Observational effects of torsion in general relativity Torsion is usually described as a rotation of the tangent vector along the geodesic, like the image below from Wikipedia:

Does this mean that if you add torsion, and you have an elevator falling through that geodesic, then the elevator will rotate together with the system of coordinates? That is, that the observer's rods and clocks are all rotating together along the geodesic? (if this is not the case, then what would be an accurate description of what the above figure means?)
If this were true, would not that object's motion look different in the case in which I experience torsion versus in a case in which I don't? If I am rotating, wouldn't I see an object moving on a straight geodesic far from me as revolving around me (specially the anything on the cosmic horizon)? So, wouldn't torsion affect the motion of non-local objects?

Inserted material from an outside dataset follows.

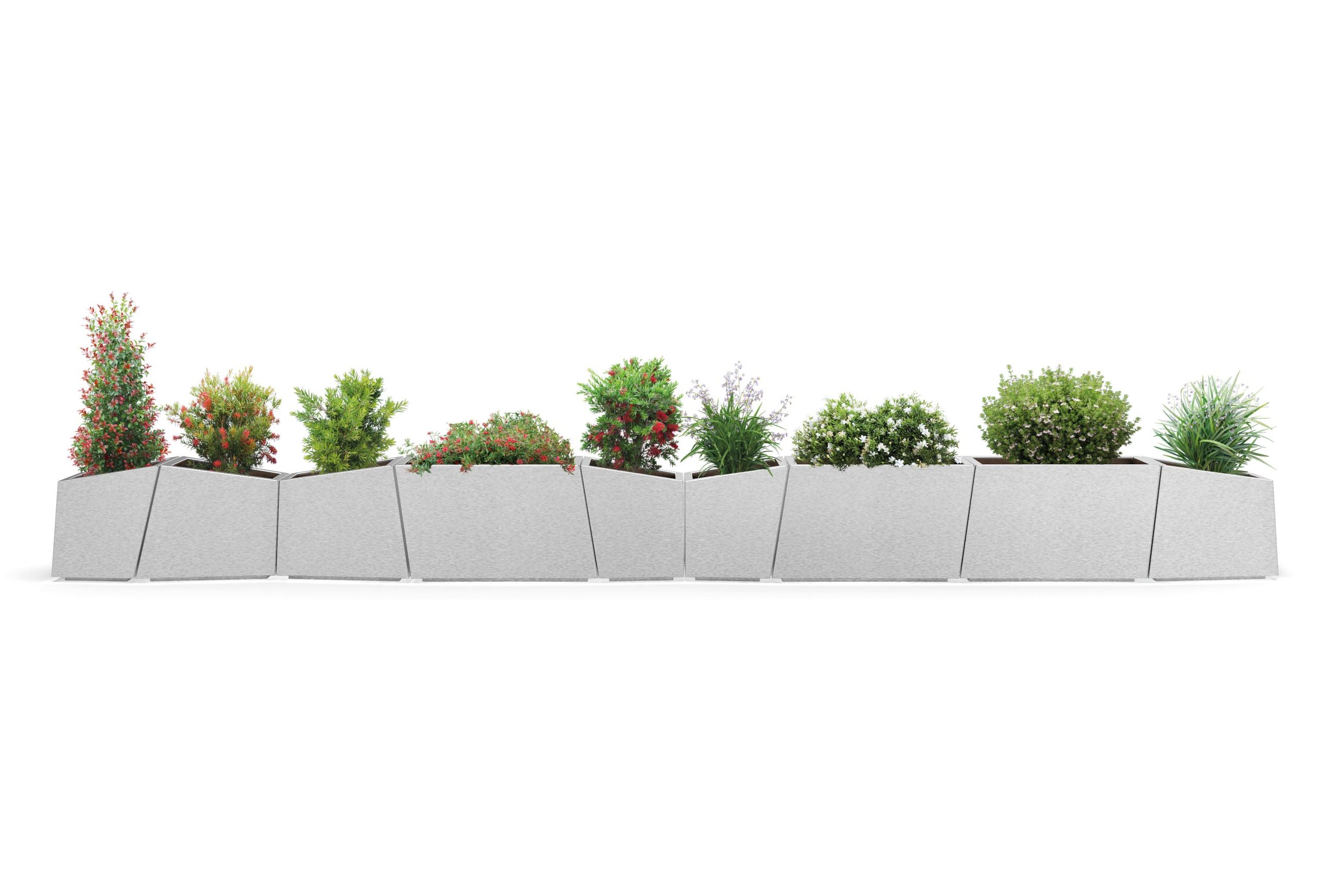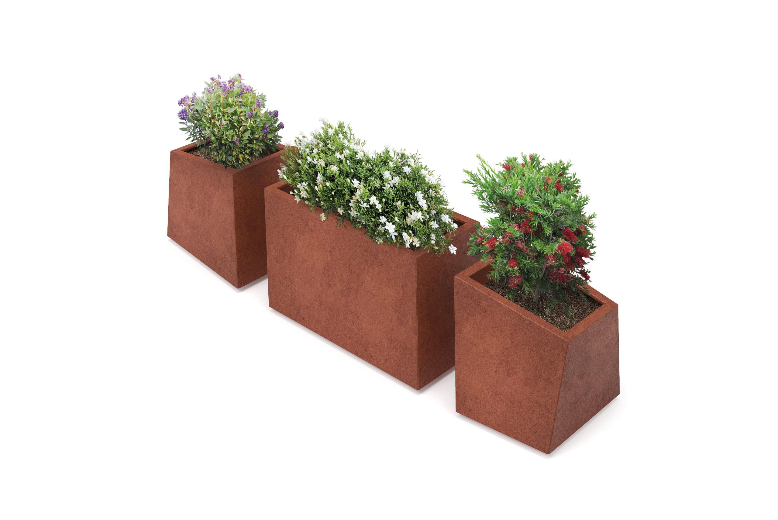 Collezione di fioriere di forma irregolare realizzate in lamiera d’acciaio verniciato, corten o inox e dotate di

 A: The answer to your first question is yes. The math for the special case of non-zero torsion on a manifold with a flat Cartesian metric causing rotation in a left-handed manner can be found at the bottom of p5 of the 18p paper by Steuard Jensen, titled General Relativity with Torsion: Extending Wald's Chapter on Curvature. The paper also references "Einstein-Cartan theory" a 1922 extension to GR showing that differential geometry is equally well-defined with torsion as without. Jensen's paper is a terrific go-to for all things torsion. Your other questions are tougher since the geodesic with torsion has dependency on the character of the metric tensor as well as the torsion tensor.
A: Your first statement is true in special cases but not in the general case (for example, a non-symmetric metric). Your second statement about basis vectors being independent of a connection is dubious since the metric is, by definition, the pair-wise dot products of the basis vectors. Remember that in order to even have a geodesic, we need a manifold with structure such as topology, charts, atlas and importantly, a connection (a way to take a covariant derivative). You cannot say the geodesics are different you can only say the geodesics are what they are. Think of torsion as rotating the entire tangent space. Full disclosure - I am very new at this subject which seems bottomless. Something else that might help you would be to look into the Lie algebra pertaining to torsion.